I don't think so because $\rightarrow ,\vee$ are distinct logical connectives and types ($\neg A$ is shorthand for $A \rightarrow \bot$ in intuitionistic logic, but if I'm not mistaken, a seperate type in classical logic). In particular,as the type theory is concerned, separate constructor/eliminator rules will apply to $A\rightarrow B$ and $B \vee \neg A$.
I'm unconvinced and sense a contradiction (they look the same but are built differently). Can someone explain what I'm missing?
Deduction Theorem
I've gone through these questions: related question 1 ,related question 2 but don't seem to quite get it.

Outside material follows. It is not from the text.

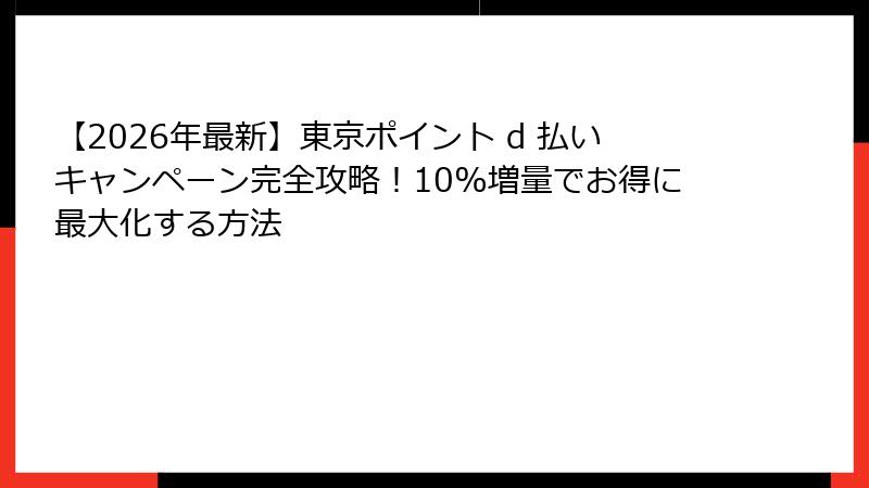 - 東京ポイント d 払いキャンペーンとは?概要と魅力的なポイント還元システムの全貌

So long rules of weakening and modus ponens are part of the logic, it seems easy to prove $A \vdash B$ from $\vdash A \rightarrow B$. Is it therefore only in the other direction that the deduction theorems can fail (if $A \vdash B$ then $\vdash A \rightarrow B$)?
When the deduction theorem does fail, where exactly does it fail in the proof? The base step or the inductive step?
Best Answer
"Does this mean implication is superfluous shorthand?"

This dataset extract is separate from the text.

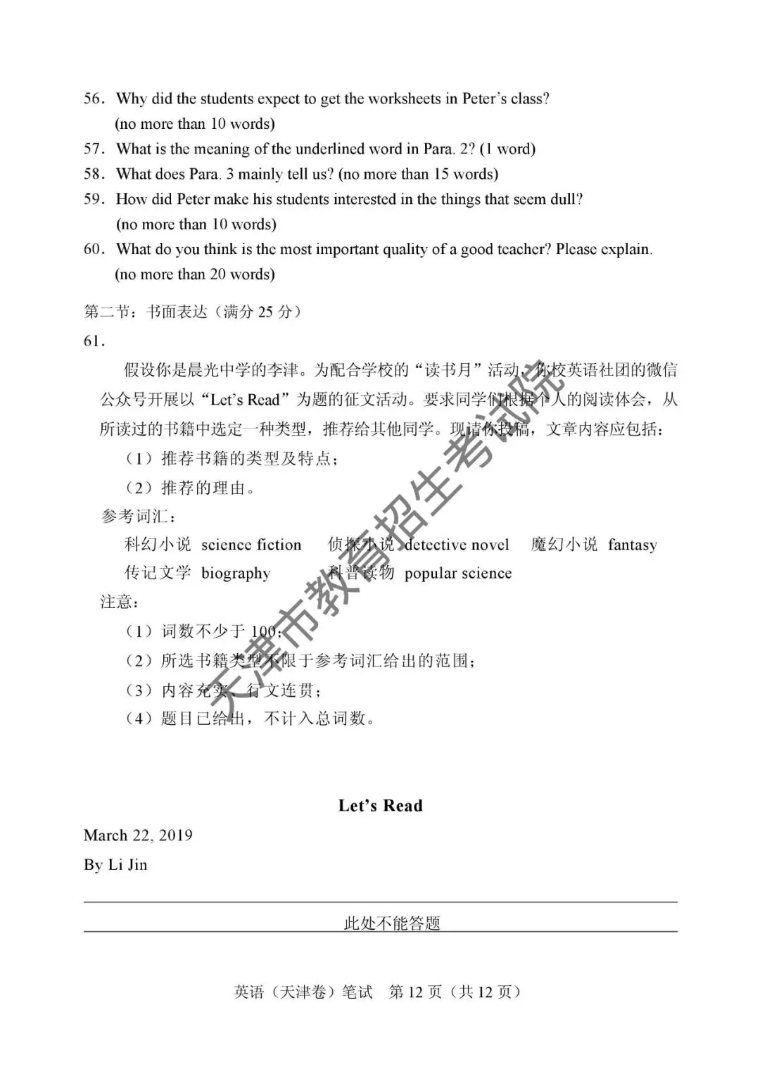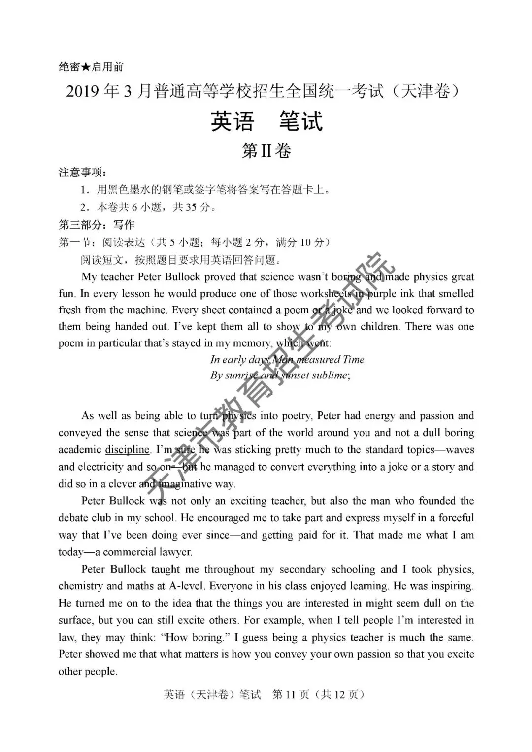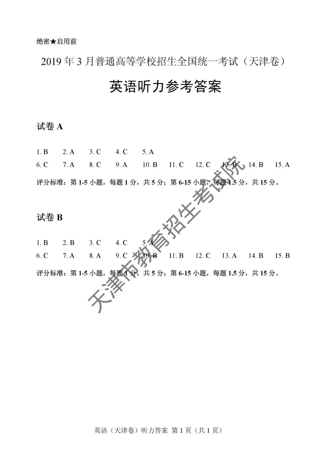 目前,评卷工作即将开始,预计考试成绩将在4月中旬发布。现将2019年3月高考英语科目第一次考试试卷及参考答案予以公布。

No. Implication might come as a pre-assumed notion. It can qualify as a superfluous shorthand in a system where the meaning of implication is not pre-assumed. But, that all depends on the system at hand.
"So long rules of weakening and modus ponens are part of the logic, it seems easy to prove A⊢B from ⊢A→B."

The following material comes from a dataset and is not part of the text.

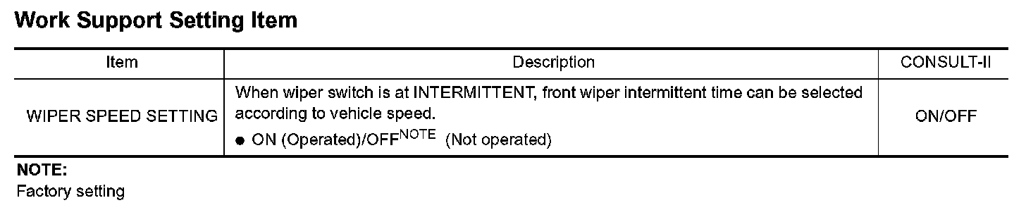 3. Touch "WIPER SPEED SETTING" on "SELECT WORK ITEM" screen.

Yes, that's true. Also, you can prove it just from modus ponens.
"Is it therefore only in the other direction that the deduction theorems can fail (if A⊢B then ⊢A→B)?"
No. Logical systems for classical propositional calculus without modus ponens do exist. John Halleck's page indicates that Jean Porte described such a system a while back. If modus ponens fails, you don't have the first direction.
"When the deduction theorem does fail, where exactly does it fail in the proof? The base step or the inductive step?"
It can fail in either step. I'll note that your source on The Deduction Theorem uses an axiomatic context. Suppose we have some system with modus ponens still in place.
First, suppose that the well-formed formula (A -> (B -> A)) does not qualify as provable in the system. Then, the part of the meta-proof for the base case does not go through. This is the case in relevance logic.
Second, suppose that the well-formed formula ((A -> (B -> C)) -> ((A -> B) -> (A -> C))) does not qualify as provable in the system, but (A -> (B -> A)) does qualify as provable. Then, the base case will go through, but then case iv. of the inductive step does not go through. This is the case in 3-valued Lukasiewicz logic, and in infinite-valued Lukasiewicz logic.